Building this testnet made us realize that bad actors or phishing sites may tarnish the TRON ecosystem if it does not have a robust security standard that Tronpower is upholding and want to prevent as many loopholes as possible.
We want to set a standard , the Tronpower Standard
.
Bringing innovation , security and benefits/prosperity for all TRON users.
Additional Context
As TRON grows to support more decentralized applications (dApps), testnets and alternative chains become critical for safe experimentation and onboarding. Developers and users must be confident that transactions signed on a testnet cannot be replayed on mainnet, and vice versa.
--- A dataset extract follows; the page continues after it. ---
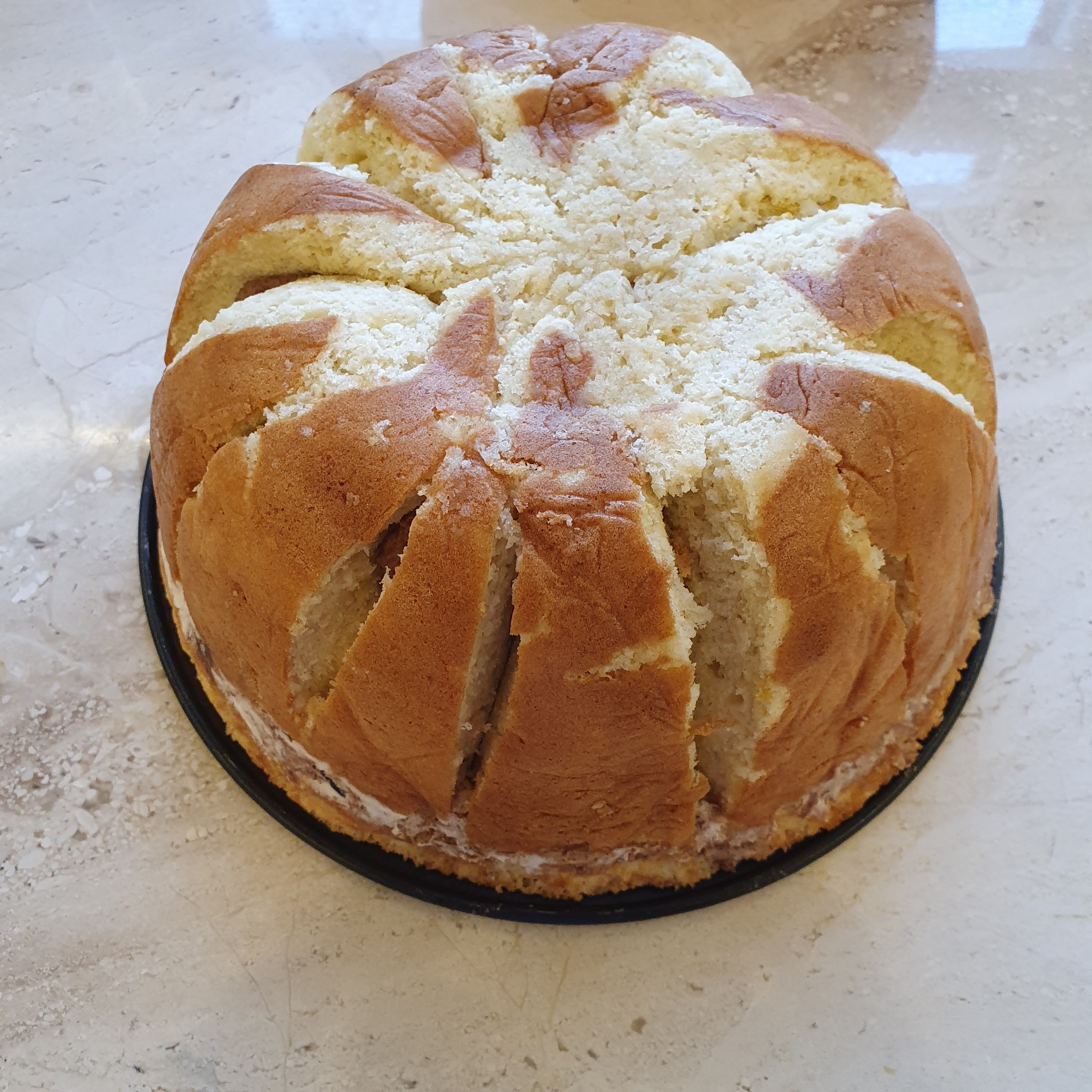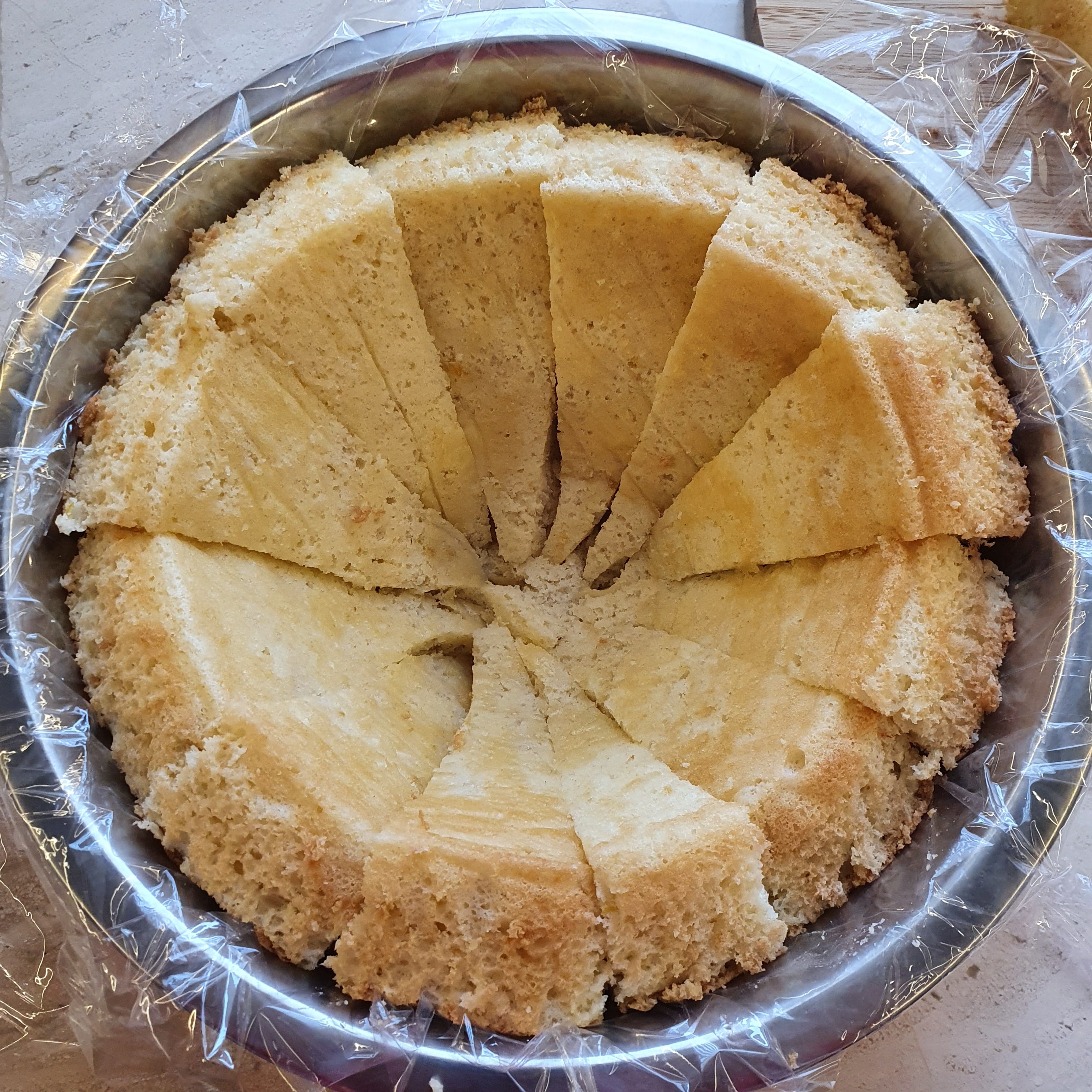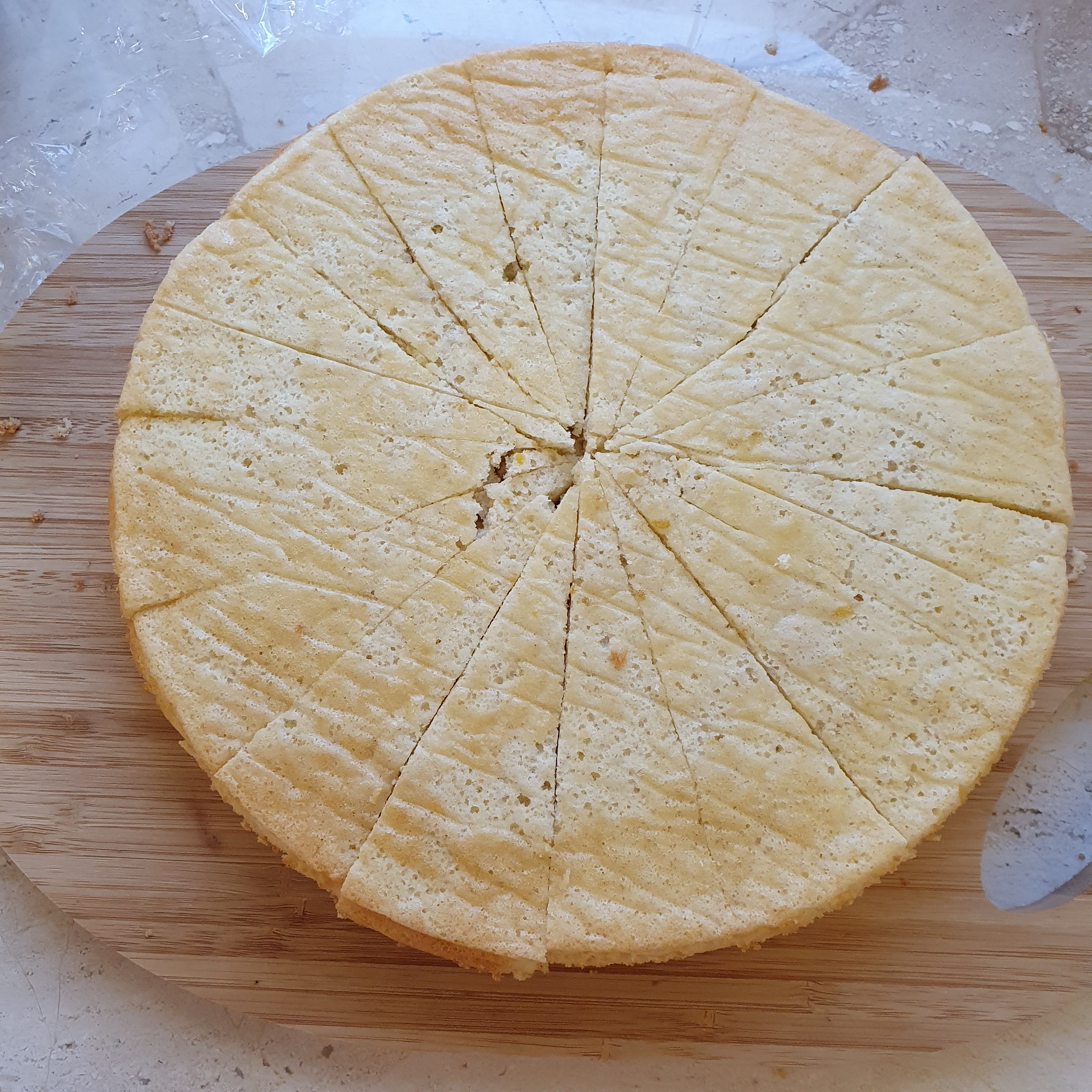 За да сглобим тортата разрязваме големия блат на 16 по възможност равни парчета.

Without this protection, malicious actors can take a testnet-signed transaction and replay it on mainnet, potentially tricking users or draining wallets.
By introducing a chain-specific identifier directly into transaction signing and verification logic, TIP-155 ensures cross-network safety while maintaining compatibility with TRON’s existing infrastructure.